- _EXERCISE GOAL_: Please retype the listing below exactly as it stands, skipping any pictures.

- _GIVEN INFORMATION_:
___
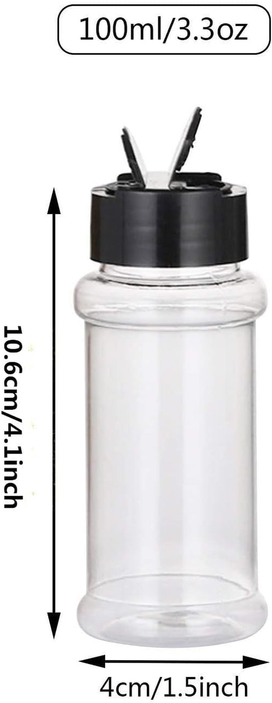 12 PACK - 3.3 Oz Plastic Spice Jars Bottles Containers with Black Screw Lids to Pour or Shake - Perfect for Storing Spice, Herbs and Powders - Lined Cap - BPA Free
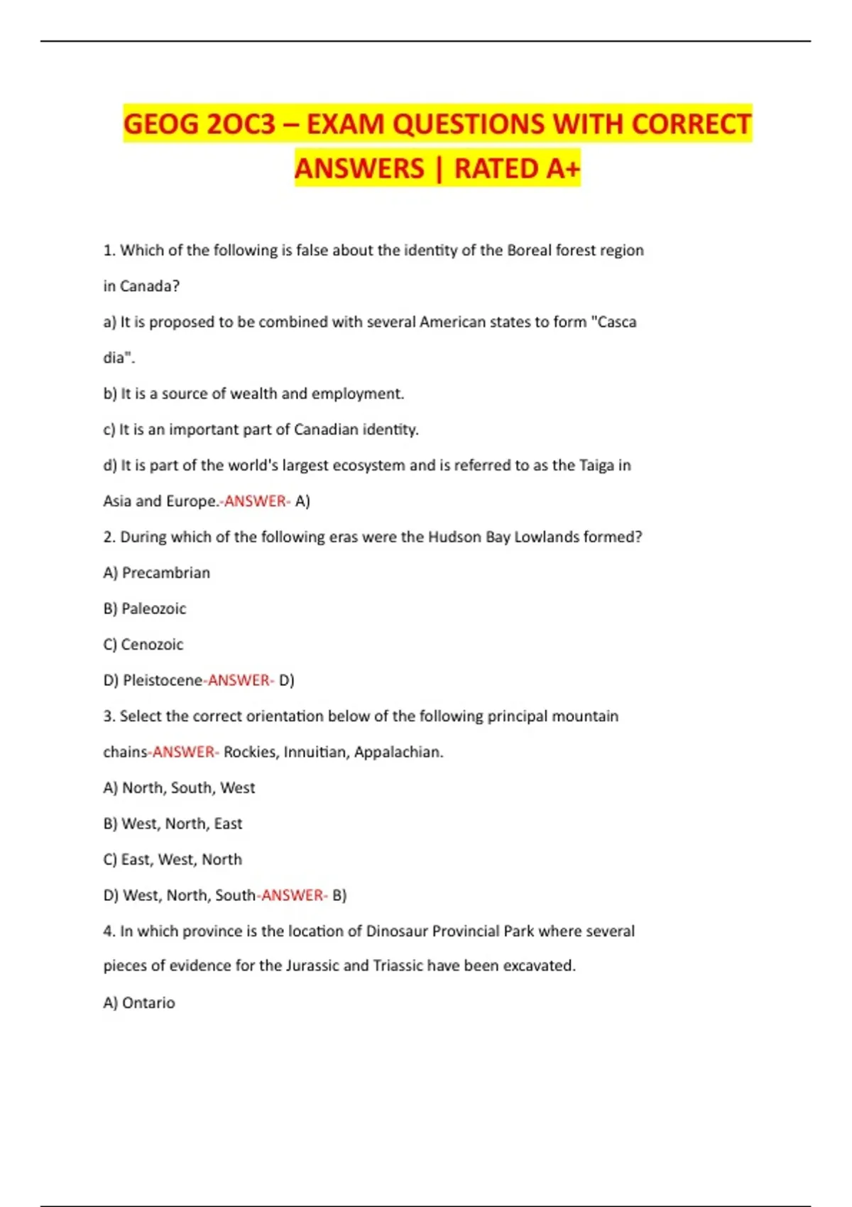 GEOG 2OC3 – EXAM QUESTIONS WITH CORRECT ANSWERS | RATED A+
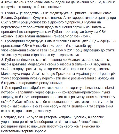 4. Для приобретения оружия с целью совершения теракта в Киеве нет никакой необходимости направлять через официальный контрольно-пропускной пункт человека, которому СБУ запретило пересечение линии разграничения с ЛНР / ДНР. А если бы Рубан действительно имел отношение к подготовке теракта, то он был бы задержан в последнюю очередь - после выявления и задержания всех лиц, причастных к преступлению."
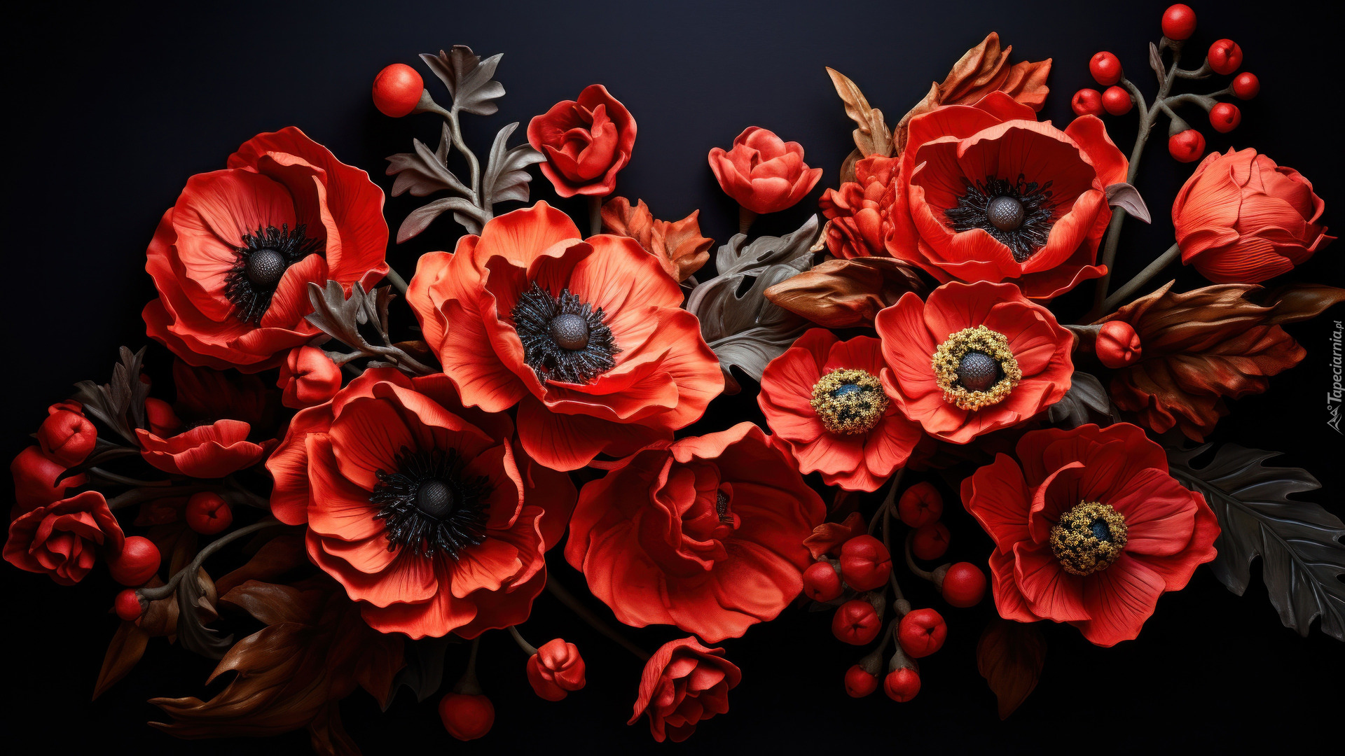Edytor tapety: Rozkwitnięte czerwone maki na czarnym tle
___
- _OUTPUT OF THE EXERCISE_:
 12 PACK - 3.3 Oz Plastic Spice Jars Bottles Containers with Black Screw Lids to Pour or Shake - Perfect for Storing Spice, Herbs and Powders - Lined Cap - BPA Free
 GEOG 2OC3 – EXAM QUESTIONS WITH CORRECT ANSWERS | RATED A+
 4. Для приобретения оружия с целью совершения теракта в Киеве нет никакой необходимости направлять через официальный контрольно-пропускной пункт человека, которому СБУ запретило пересечение линии разграничения с ЛНР / ДНР. А если бы Рубан действительно имел отношение к подготовке теракта, то он был бы задержан в последнюю очередь - после выявления и задержания всех лиц, причастных к преступлению."
Edytor tapety: Rozkwitnięte czerwone maki na czarnym tle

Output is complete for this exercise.